Caveat on deals with China
Until the Duterte administration came to power in 2016, China was not considered a major player in the country’s economic roadmap.
For the past administrations, international trade and commerce revolved around the United States, Japan, the Asean countries and the European Union. The country’s dispute with China over the West Philippine Sea made the latter an unwanted neighbor.
Not anymore. Today, in terms of economic trade and financial engagement, China is on the top of the administration’s preferential list. President Duterte looks at the Middle Kingdom as a principal source of funds for national development.
The President has boasted of the $24 billion worth of investments and loans that his trip to China last year generated. The investments will primarily go to the construction of ports, railways, roads and other infrastructure projects.
In a recent lecture, an Indian scholar and former United Nations diplomat, Hardeep Singh Puri, warned against the adverse effects of the exuberance of Asean countries, especially, the Philippines, in entering into these financial arrangements with China.
He said borrowers should be cautious about massive investment deals with China as they may end paying more money than they bargained for.
To illustrate his point, he gave as examples the airports and seaports that China built, on credit, in Sri Lanka and Laos that turned out to be white elephants. The projects did not bring in the expected returns because of poor planning and erroneous financial forecasts.
Payments for the credit facilities that China extended were supposed to come from the revenues that the projects were envisioned to generate, but the expectations did not materialize. To avoid defaulting on the loans, the two countries were forced to convert them to equity and, as a result, China wound up as the operator and owner of those projects.
To avoid a repeat of these incidents, Puri advised that investments from China should be carefully evaluated or vetted to make sure they are used for viable projects and would not put the borrower country in hock to China.
Puri’s observations and advice are food for thought for people who think China’s new found interest in investing and lending to the Philippines is like manna from heaven—or reason enough to kiss the feet of the Chinese officials and businessmen who will visit to finalize those transactions.
Bear in mind there is no such thing as free lunch in international economic relations. Countries lend money to their economically challenged counterpart to get something in return, either in the form of amortization payments or brownie points they can use in the future in case they need something from the debtor country.
Let’s not delude ourselves into believing that China is making the $24-billion investments and loans out of the goodness of its heart, or because it loves the Filipinos.
It’s doing so because it presents an opportunity to wean the Philippines away from the US, expand its presence in our domestic market, weaken our resolve to push our territorial claims in our exclusive economic zone, and, most importantly, to earn profits.
The money that China invests or lends to the Philippines for infrastructure projects generates economic activity and employment in China and, at the same time, brings in funds from the principal and interest payments for the credit extended.

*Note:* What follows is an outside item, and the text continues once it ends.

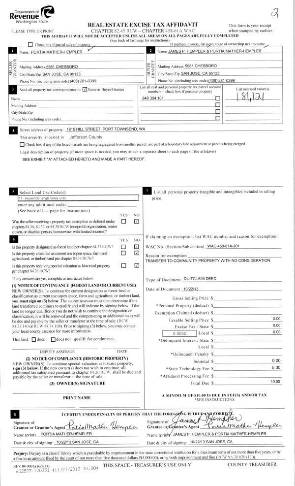 | 6 | 05/01/2014 | QCD | Quit Claim Deed | CARL H JOHNSON | CARL JOHNSON REVOCABLE TRUST | | | | 121156 | |

If China’s activities in Sri Lanka and Laos are the indicia of how it would handle its investments in the Philippines’ infrastructure projects, all the required equipment and building materials, including the manpower, would come from China.
At best, the goods that would be procured locally would be transportation fuel and the staff’s daily food requirements; in other words, the crumbs.
China’s offer to extend financial facilities to the country is welcome. We need them. Properly and judiciously used, they can help in our national development.
But this is no reason for us to ignore the lesson behind the saying, “beware of Greeks bearing gifts.”